Does this sound reasonable? If yes, is there any chance you can try whether this PR fixes your issue?

Cheers,
Enrico

Hi Enrico,

thank you for the reply. I am using the last method from your list for now, this works.
On a quick glance, the contents of the file look sensible (at least the cut is applied correctly), but I haven’t made a thorough check.

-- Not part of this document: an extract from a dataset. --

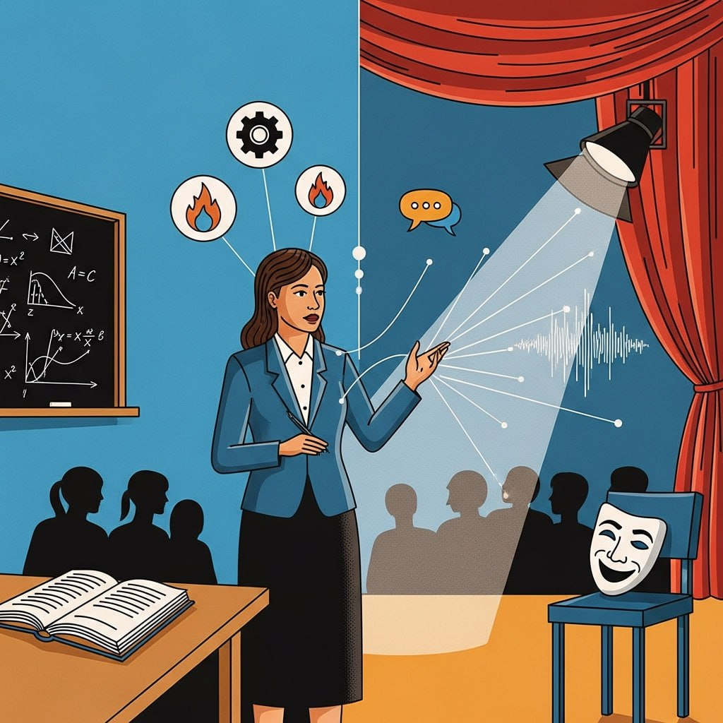 В этот момент важно понять: возможно, проблема не в что, а в как. Не в содержании, а в его подаче. Учитель у доски — не просто транслятор знаний. Он — режиссёр, который выстраивает мизансцены внимания. Сценарист, который пишет сюжет урока прямо на ходу. Артист, чьи жесты, интонация и энергия — такой же учебный материал, как параграф в учебнике.

I don’t have a self compiled version of ROOT at hand right now, but I think I can get around to try the PR this week.

Cheers,

Jonas

1 Like

Hi Jonas,
just so you know, the next release v6.22 and the next v6.20/06 patch release will contain the PR that I linked above, which makes Snapshot(..., {"Jet"}) work out of the box and Snapshot<RVec<Jet>>(..., {"Jet"}) either work (if dictionaries are present) or error out noisily with a (hopefully) helpful error message. Note that Snapshot<RVec<Jet>>(..., {"Jet"}) will write out a vector<Jet>, while the other two methods will write out TClonesArrays.

Cheers,
Enrico

This topic was automatically closed 14 days after the last reply. New replies are no longer allowed.